Communicating Science

It didn’t surprise me to read that people use their religious/ political beliefs and personal opinions to choose news sources and websites “whose outlooks match their own” (Nisbet & Mooney, “Framing Science” 56). This is especially easy now that much of the Internet is personalized for its users. Websites like Google and Facebook collect information based on the links we click on and the articles we read and information we type into the search bar, and auction that information to companies that place personalized ads strategically right under your nose to sell products they think you might be interested in based on what you seem to be interested in. Before I was consciously aware of this personalization, I was surprised and amazed to receive a postcard from my cable company advertising special cooking channels. I realized that I had been reading about French and Asian cooking and recipes on the Internet and that’s how Time Warner Cable thought it would be smart to inform me of their featured cooking channels. Internet activist Eli Parisier calls the asserts that personalization creates what he calls “filter bubbles” [after which his book on the subject is named] for Internet users—bubbles in which we only see what the Internet thinks we want to see based on our “clicks” and perceived interests. Two people can type the same subject into Google’s search bar and completely different search results can come up based on their interests and previous clicks. Filter bubbles allow us to find information about the findings we already believe in as described in Nisbet and Mooney’s piece. This, as Eli Parisier points out, is detrimental to learning: if we can’t and don’t see what’s outside of our little filer bubbles, how can we learn and understand things we don’t already know and how are we to consider other perspectives that challenge our own? We are in danger of becoming more and more insular with the technology that should give us access to an almost infinite amount of information and should broaden our range of knowledge and interests. Sitting in filter bubbles that select  scientific information that already fits our opinion keeps us from learning more about different perspectives and research and further convinces us of the existence or non-existence of global warming or evolution or genetically modified foods.

Reflection: 4 Articles

The four articles all focus on the issue of communicating science. It has been found (by Nisbet and Mooney) that laypeople do not have the background necessary in forming educated opinions on topics of scientific interest. In fact, what people tend to do is pick news sources that concur with their system of belief and only pay attention to information that is relevant to their daily lives. This creates a challenge for scientists in communicating information to the public. They need to be aware of not only what is supported by testing and theory, but in the best way to frame it for consumption by the general public. There is still work to be done in figuring out how to do this, and as Reddy points out, public outreach is not a significant facet of the academic tenure process.
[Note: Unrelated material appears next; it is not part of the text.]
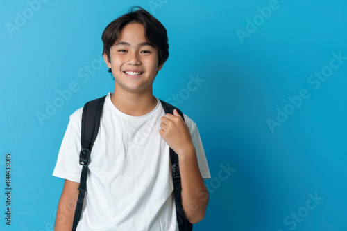 teenage, boy, backpack, school, student, smile, smiling, happy, asian, guy, back to school, cheerful, blue, background, youth, education, portrait, copy, space, empty, happiness, joyful, single, 1, person, people, male, teenage, casual attire, standing, positive, teenage, young, lifestyle, bright, t-shirt, white, confidence, friendly, isolated, innocence, fun, educational
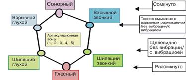 Рис. 1. Условное отображение взаимного соотношения основных свойств элементарных звуков речи, произносимых в каждой артикуляционной зоне.

I think we need more exhibits such as Dark Universe which combines visual and aural elements to educate the public about a topic that not even PhDs know very much about. In addition, advanced concepts and ideas should be introduced early on in the academic career so that all laypeople have a basic idea of such things as climate change or evolution. I believe introducing programming into the curriculum will allow us to see how certain ideas follow directly from easily acceptable postulates, as is the case for evolution.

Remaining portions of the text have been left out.